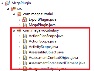 A package "com.mega.vocabulary" is created containing classes corresponding to declarations of selected MetaClasses as well as their inherited MetaClasses:
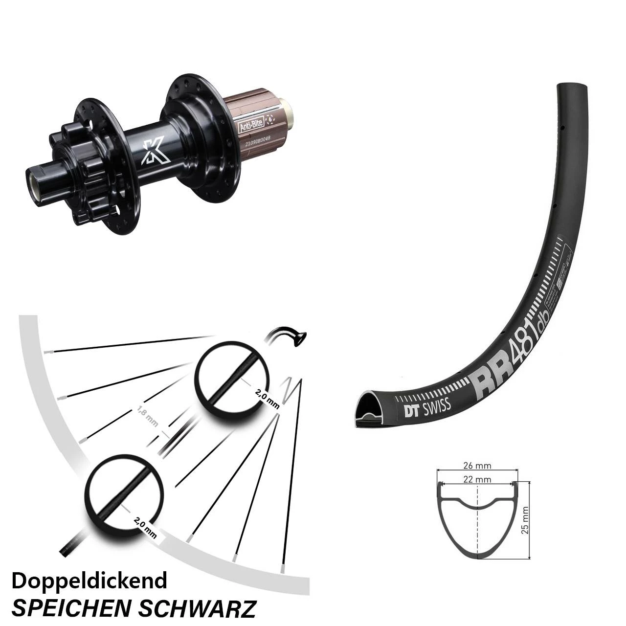 DT Swiss RR 481 DB Disc-Hinterrad 28 Zoll mit KX-M schwarz 12×142 mm Steckachse 6-loch mit Doppeldickendspeichen
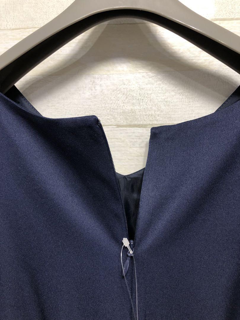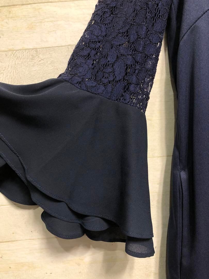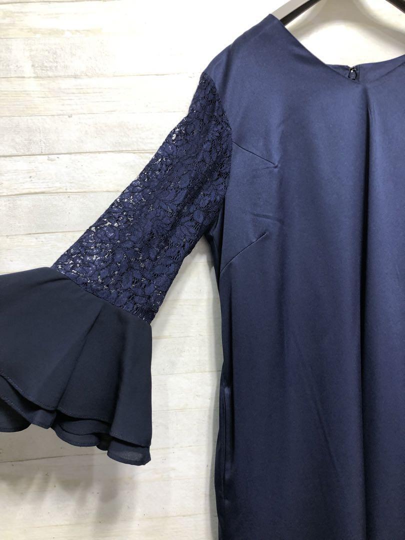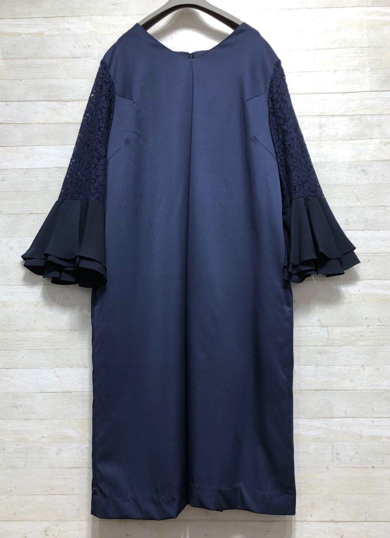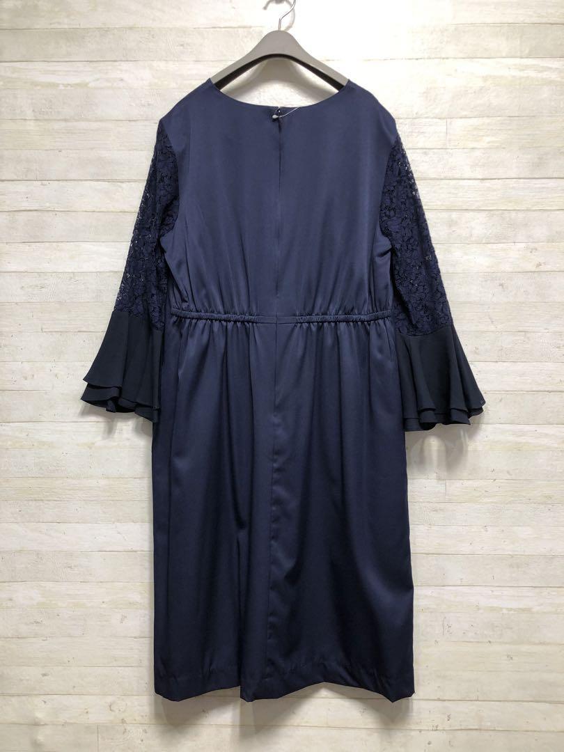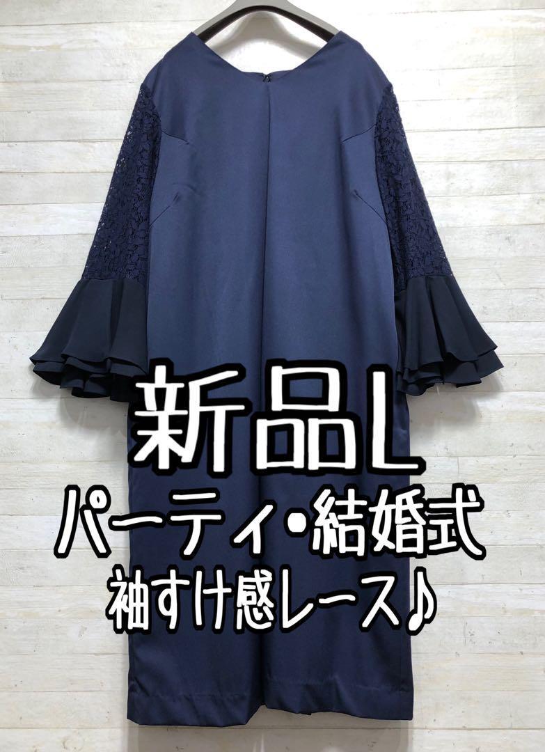 新品☆Lサイズ紺パーティワンピースおでかけフォーマル〇G373

_TRY IT:_ Each line from the one containing "DT Swiss RR" to the final line of the data must be printed exactly, both included, with nothing else and no pictures.

_REPLY:_
 DT Swiss RR 481 DB Disc-Hinterrad 28 Zoll mit KX-M schwarz 12×142 mm Steckachse 6-loch mit Doppeldickendspeichen
 新品☆Lサイズ紺パーティワンピースおでかけフォーマル〇G373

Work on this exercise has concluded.